On Thu, 2020-04-16 at 22:40 -0400, Qian Cai wrote:
> > On Apr 16, 2020, at 10:27 PM, Russell Currey <ruscur@xxxxxxxxxx>
> > wrote:
> >
> > Reverting the patch with the given config will have the same effect
> > as
> > STRICT_KERNEL_RWX=n. Not discounting that it could be a bug on the
> > powerpc side (i.e. relocatable kernels with strict RWX on haven't
> > been
> > exhaustively tested yet), but we should definitely figure out
> > what's
> > going on with this bad access first.
>
> BTW, this bad access only happened once. The overwhelming rest of
> crashes are with NULL pointer NIP like below.
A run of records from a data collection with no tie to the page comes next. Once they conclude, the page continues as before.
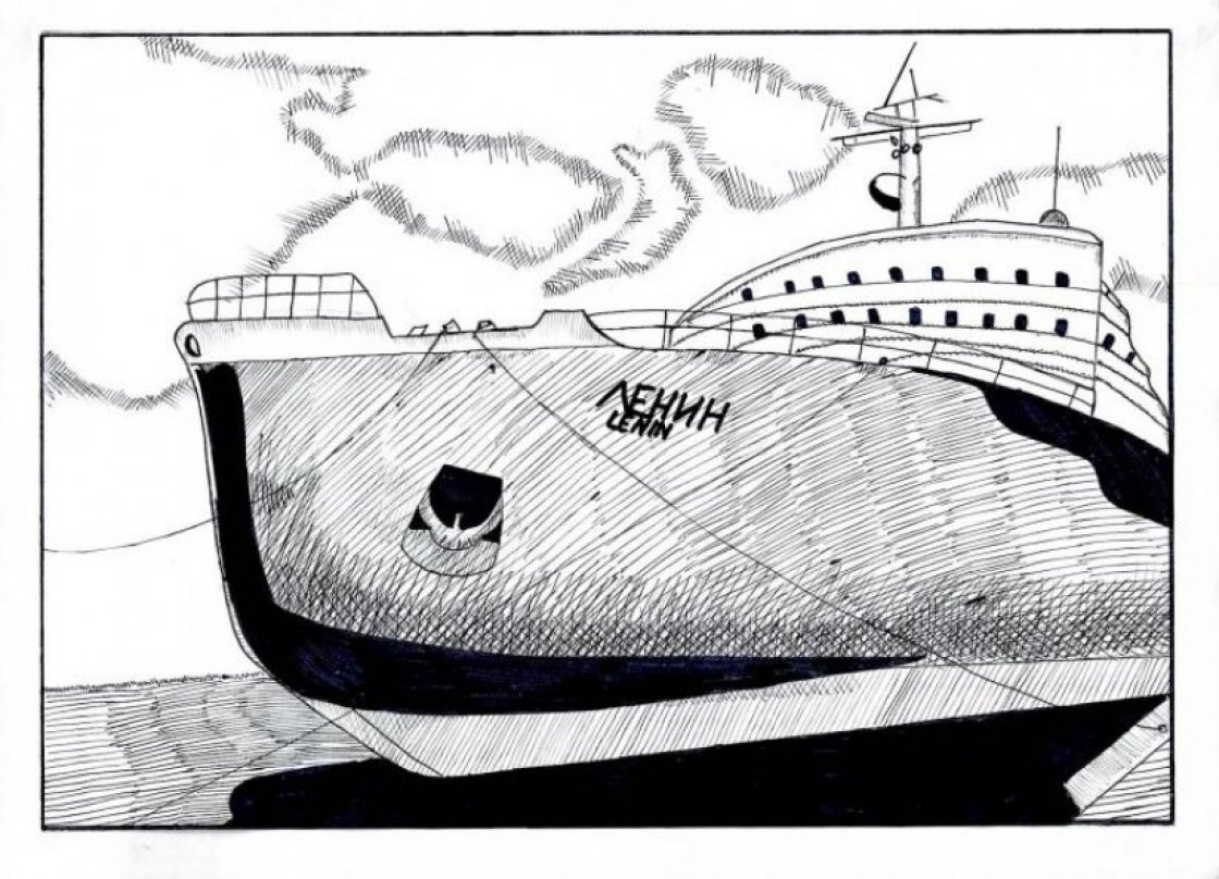 ![Атомный ледокол Ленин рисунок]()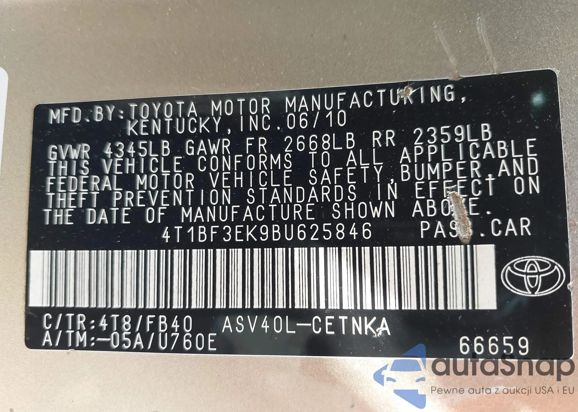 • VIN 4T1BF3EK9BU625846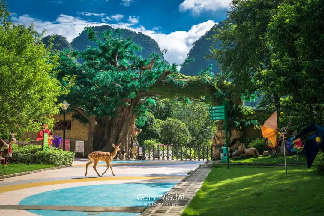 鹿鸣谷层峦叠翠,手持鲜嫩的草料,看梅花鹿温顺地低头轻嗅掌心。轻抚它们柔软的皮毛,抓拍小鹿灵动的瞬间,在自然野趣中定格珍贵的亲子时光。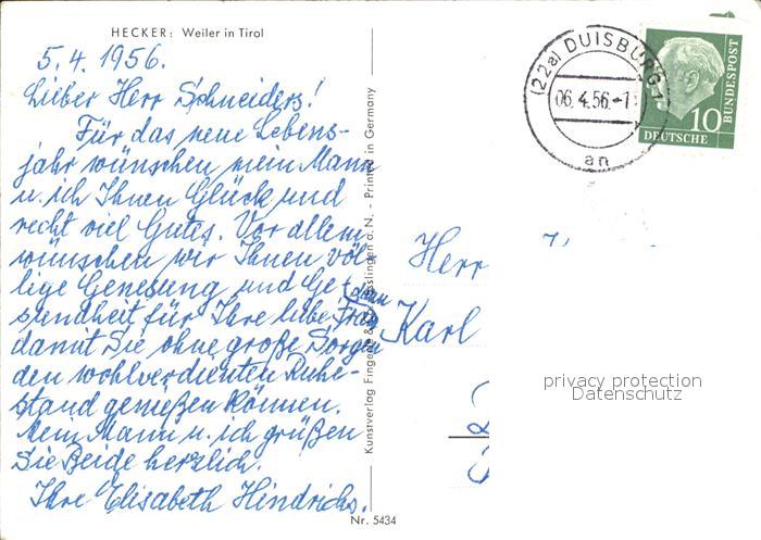 72503656 alte Postkarte Tirol Region Weiler in Tirol Alpen Kuenstlerkarte Hecker postalisch gelaufen Erhaltung siehe scans KatCode: 11390332070101

How can you explain
> that STRICT_KERNEL_RWX=n would also make those NULL NIP disappear if
> STRICT_KERNEL_RWX is just a messenger?

What happens if you test with STRICT_KERNEL_RWX=y and RELOCATABLE=n,
reverting my patch? This would give us an idea of whether it's
something broken recently or if there's something else going on.

>
> [ 215.281666][T16896] LTP: starting chown04_16
> [ 215.424203][T18297] BUG: Unable to handle kernel instruction fetch
> (NULL pointer?)
> [ 215.424289][T18297] Faulting instruction address: 0x00000000
> [ 215.424313][T18297] Oops: Kernel access of bad area, sig: 11 [#1]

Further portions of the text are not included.